If my understanding is correct (__syncthreads() can only be called when the warp doesn’t diverge), unrolling a loop that contains a __syncthreads() and inlining a function that may call __syncthreads() are fine. Am I right?

Jingyue

Hi Justin, Yuan and Vinod,

It seems that what __syncthreads() requires in CUDA C++ (as opposed to PTX) is to be executed uniformly across all threads in the block and not just the warp. If so, it would be helpful if there were a precise statement about when a statement is considered to be executed uniformly in CUDA C++. Is there a precise statement somewhere from NVIDIA about this?
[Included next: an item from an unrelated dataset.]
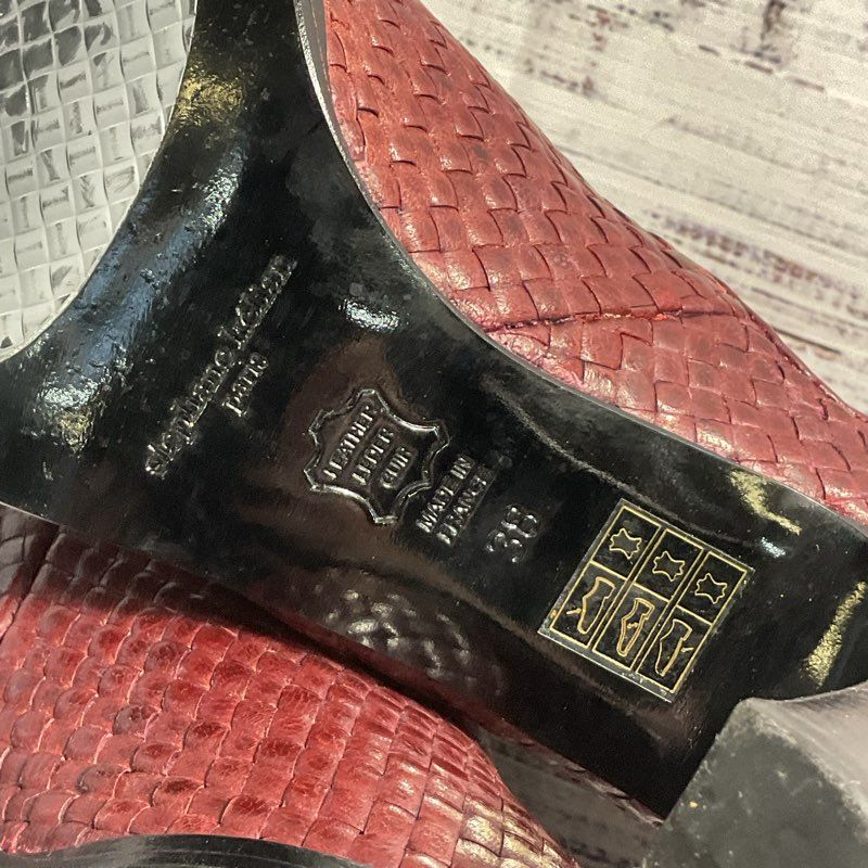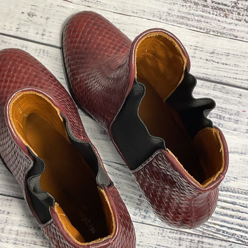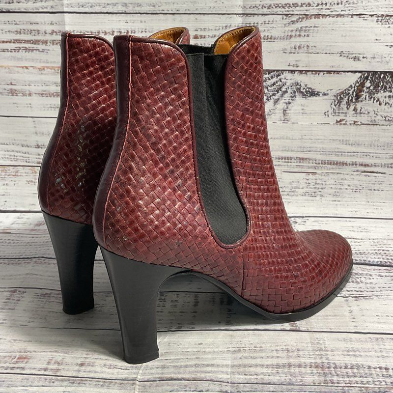 Stephane Kelian Burgundy Woven Leather Pump Heel Ankle Boot Women's 7.5 US/38 EU

I haven’t found one so far.

In particular, it’s not clear to me at what point diverging threads are considered to have joined up again in CUDA C++. My best guess is that this is at the immediate post-dominator of the statement that starts the divergence, with the caveat that there is an implicit shared CFG node following each return statement in a function.

Bjarke